I do think about a bunch of horses on a plane and then they all have little-
I'd allow them to drink because they're just going to die.
Yeah.
I do think the little horses on a plane and they all have parachutes and then they jump
off and then they land.
I want to say that they did shit like that.
Yeah.
What a day to be a horse.
I don't think people ever tried parachuting in horses.
Why not?
Why not?
We got on parachutes.
And then you land with the horse and you're like ready to go.
You've got a head full of government-grade LSD and you're like listen, listen, musty
a horse.
All right.
On a pale horse.
I mean the OSS, they were essential to America's invasion of North Africa.

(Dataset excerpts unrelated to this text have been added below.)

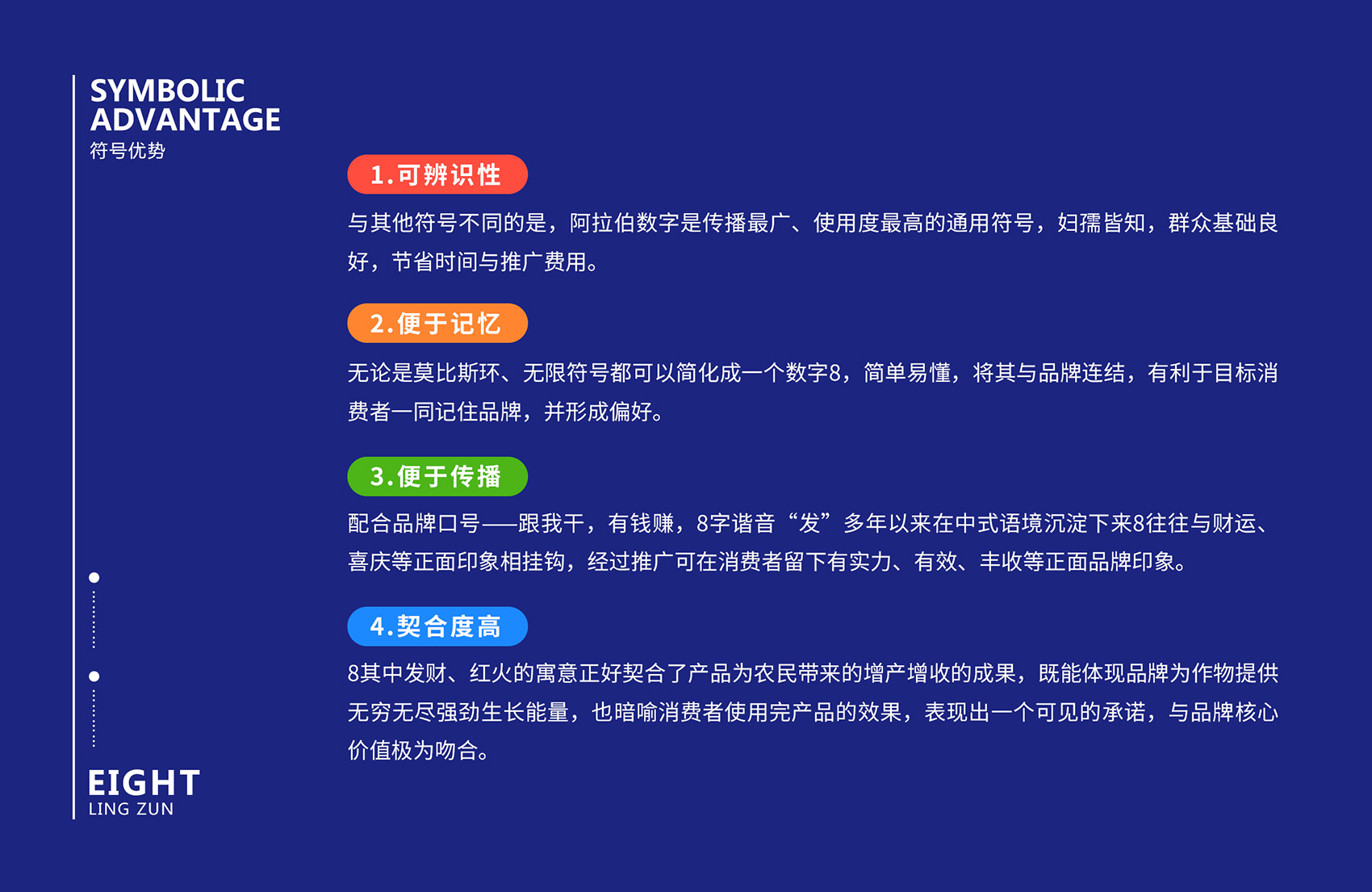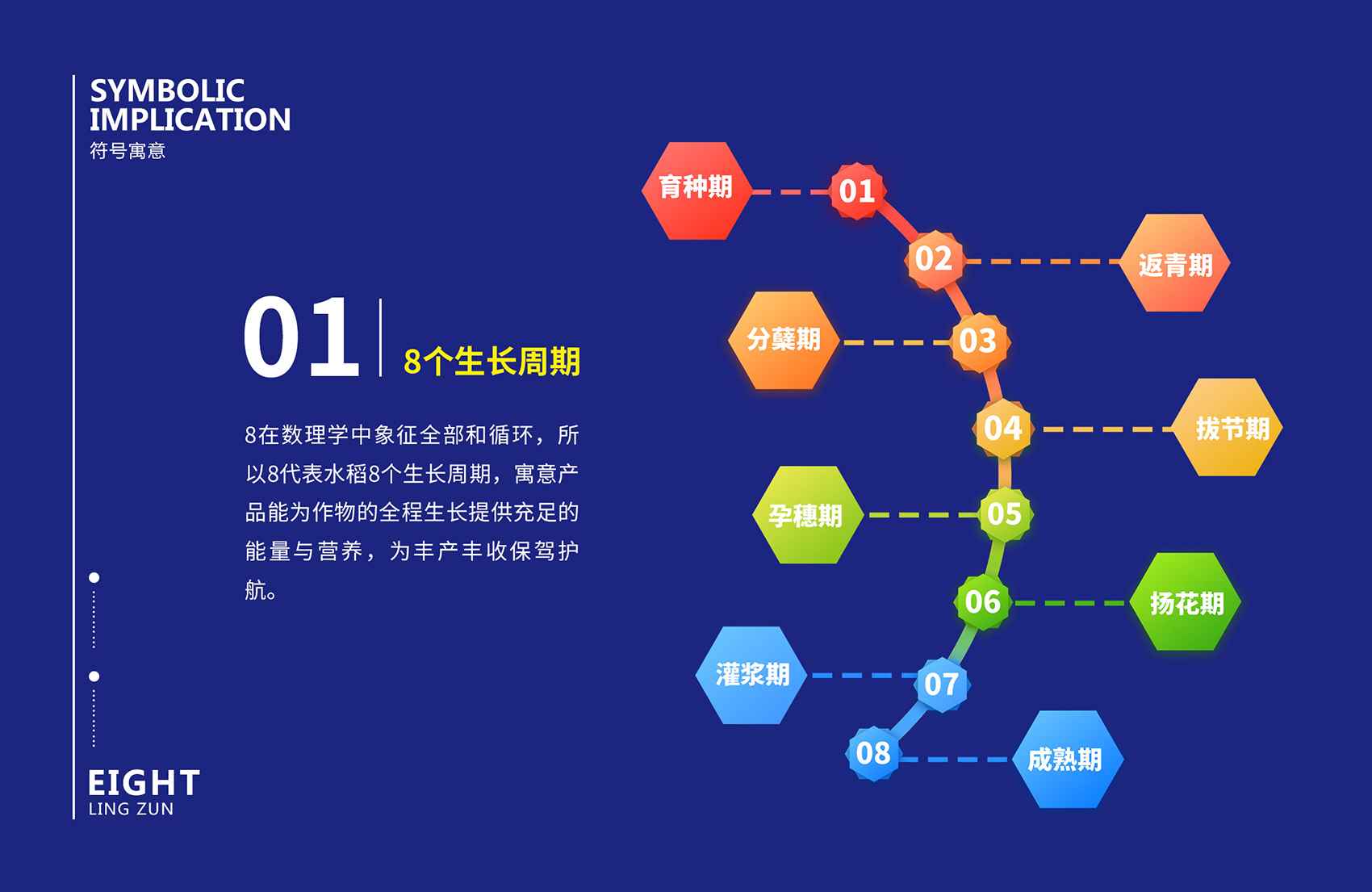 首先這一符號認知度廣泛,老幼皆知,而且能夠凝聚成一個短笑精悍的詞語,在傳播中可以有效減少損耗,便于記憶與推廣;此外將這個8放倒,就變成了代表無限的符號,予以品牌能夠為作為帶來無窮無盡的能量,而在國人心中8與“發”諧音,代表發達興旺,向消費者傳遞品牌能夠帶來豐收與財富,幫助農民發家致富,也是品牌助農致富不變的承諾,直指品牌核心價值。8在數理中也代表全部與循環,寓意水稻的8個生長周期,表達了產品能夠為作物的全程勝仗提供充足的能量與營養,為豐產豐收保駕護航。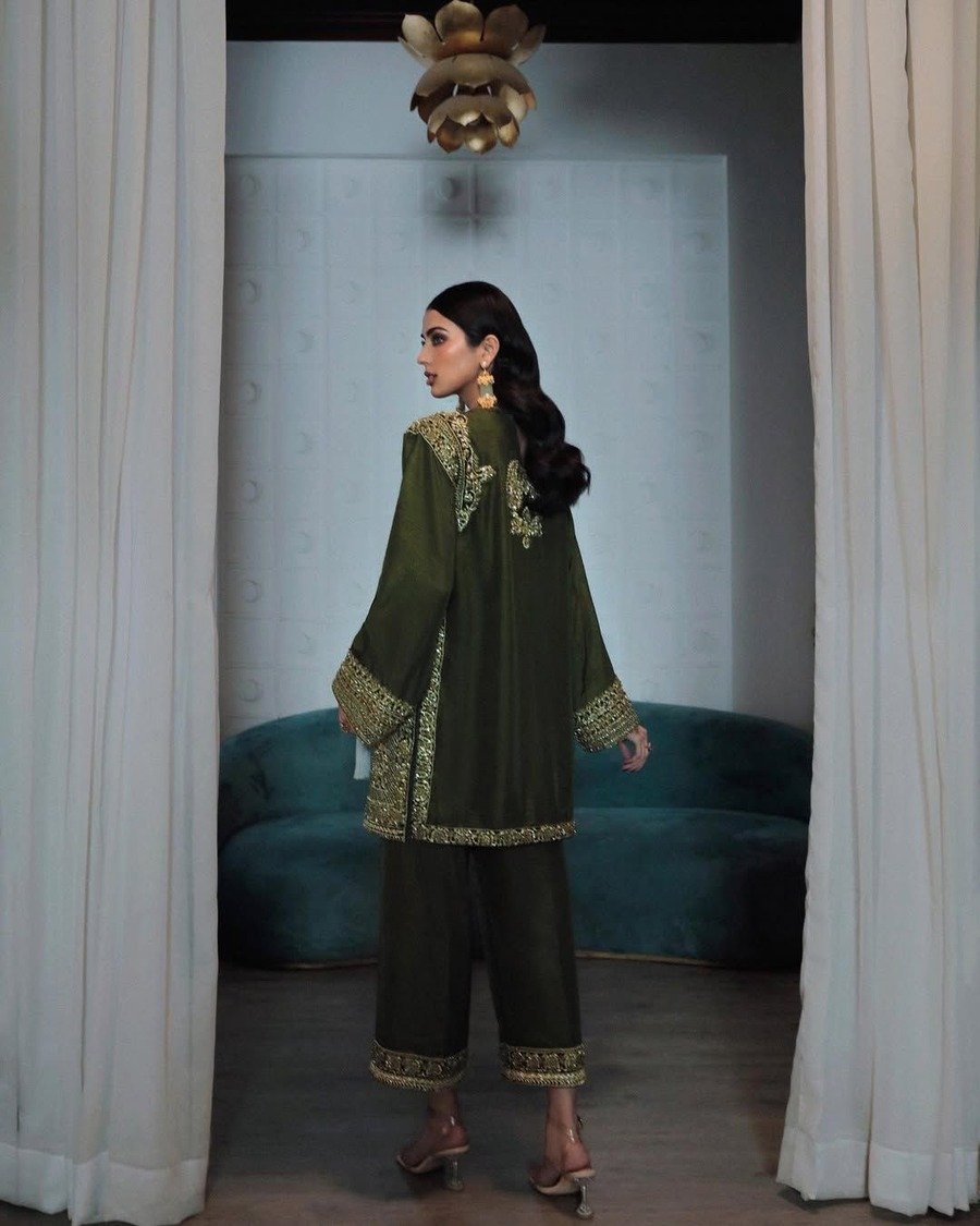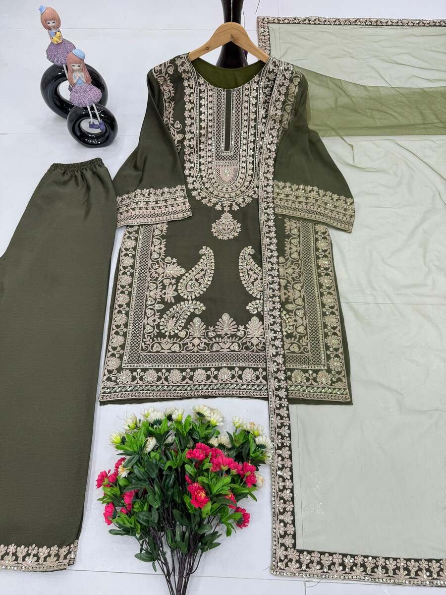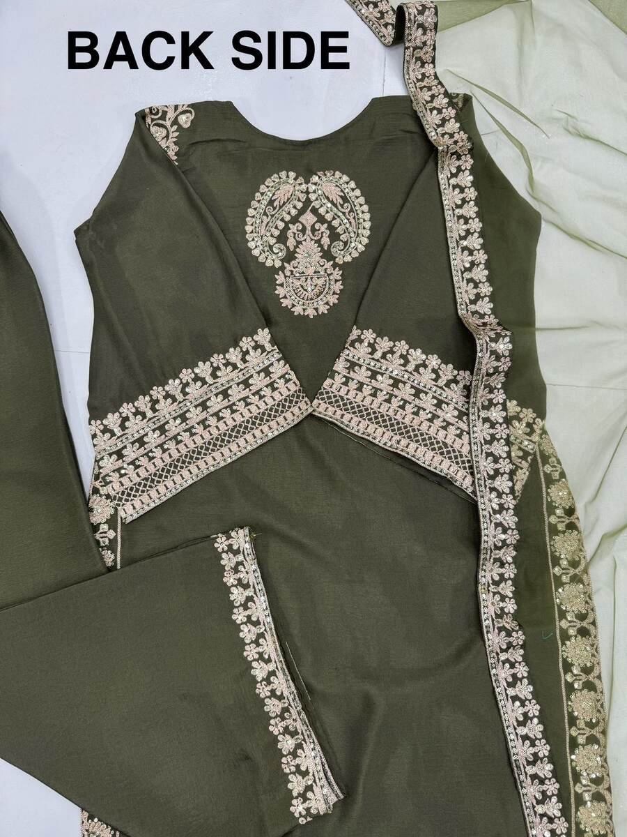 NEW ARRIVAL CHINON EMBROIDERY SEQUENCE WORK TOP BOTTOM WITH DUPATTA MEHNDI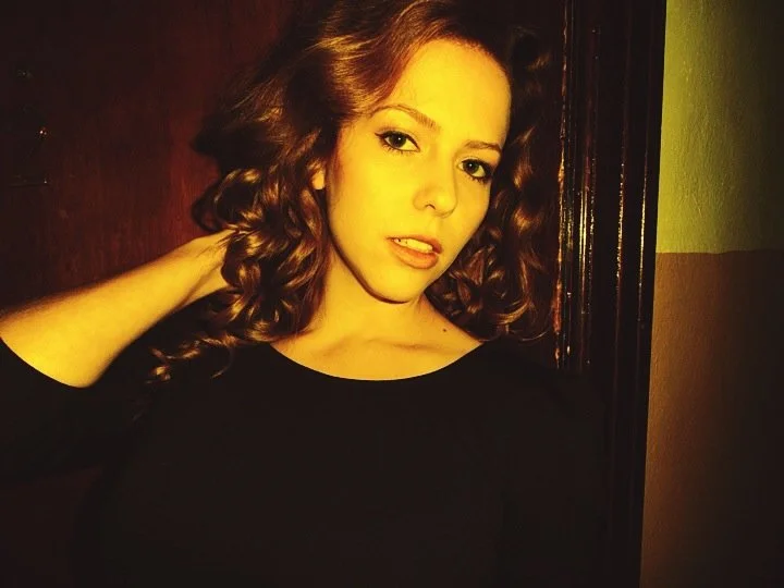 A young woman with curly hair and light skin posing indoors, wearing a black top, with her hand behind her head, looking at the camera with a confident expression.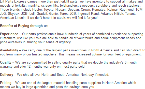 All our lift truck parts are offered at the best prices. Call today to get a quote on one of the attachments or parts we offer. We can be reached at:
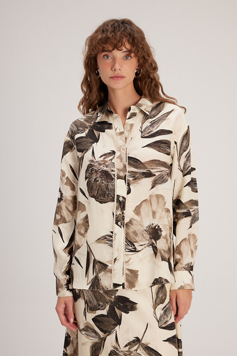 Bej Desenli Cepli Gömlek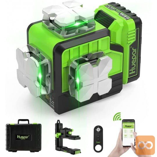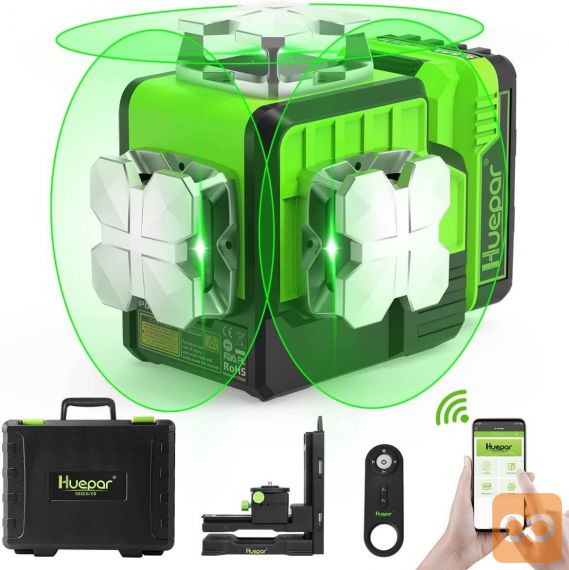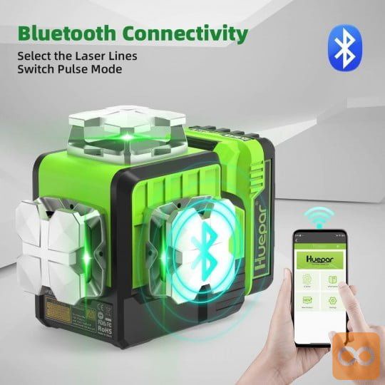 Povezljivost Bluetooth omogoča nadzor nastavitve laserja iz vsega prostora z aplikacijo Huepar na pametnem telefonu ali daljinskem upravljalniku. Aplikacija in daljinski upravljalnik lahko vklopita/izklopita laserske črte in impulzni način ter izbereta laserske ravnine. Aplikacija Huepar ponuja tudi alarm izven nivoja. Lasersko orodje lahko hkrati poveže dve napravi Bluetooth. Z daljinskim upravljalnikom postane poravnava preprosta in hitra.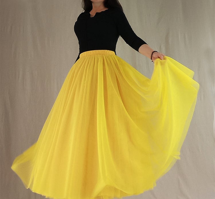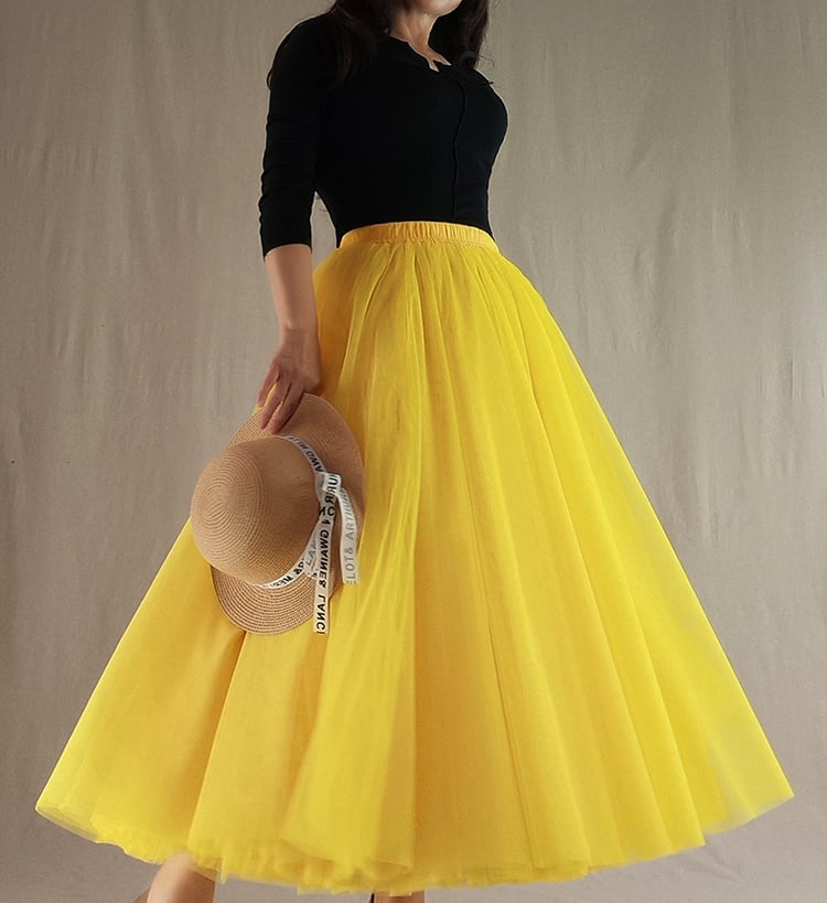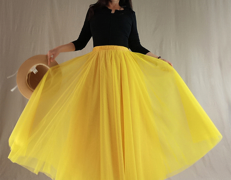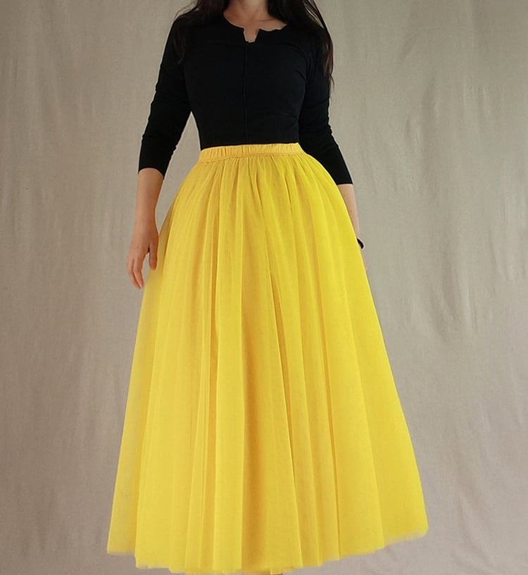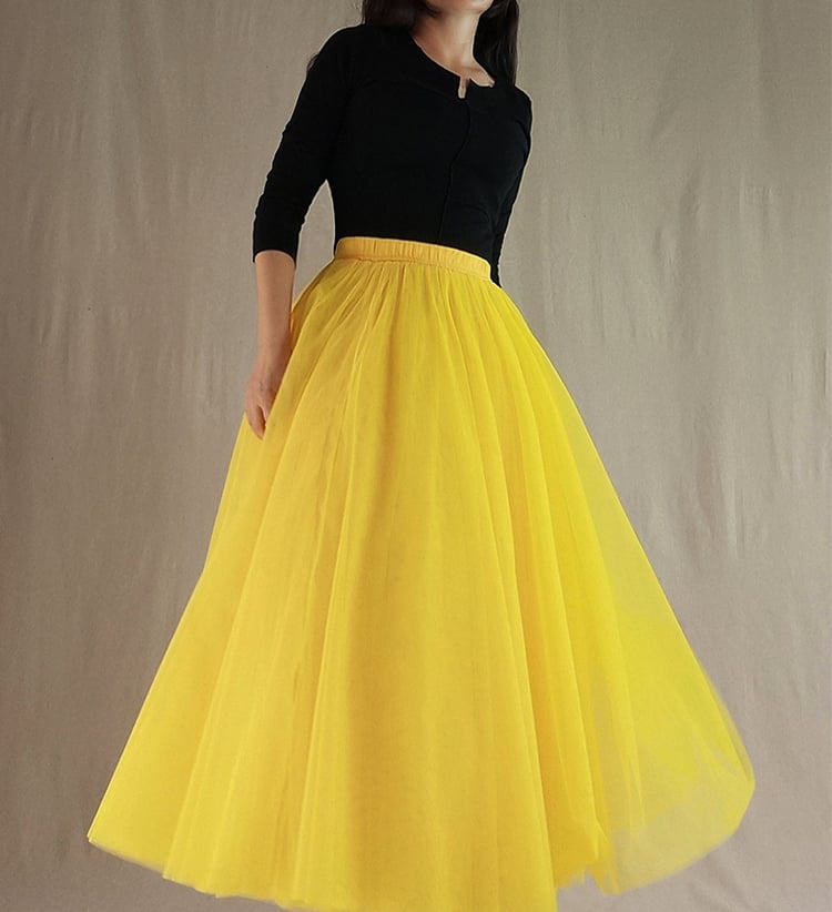 Yellow Long Tulle Skirt High Waisted Layered Tulle Skirt Yellow Holiday Skirt Outfits Wedding Tulle Skirt

That's where we started the war in Europe, our European front.
That gave us our first foothold towards invading Italy.
They set up agent networks in France to support the invasion at Normandy and they provided
invaluable information on German strength, air defenses, submarine production and rocket
production.
Not saying that the OSS is a fucking wonderful organization, I'm just saying credit where
credits do.
They did their job.
Yeah.
However, because OSS officers knew that they could avoid disciplinary action no matter
what they did, operational funds often mysteriously disappeared and just as mysteriously reappeared
in the bank accounts of OSS veterans after the war.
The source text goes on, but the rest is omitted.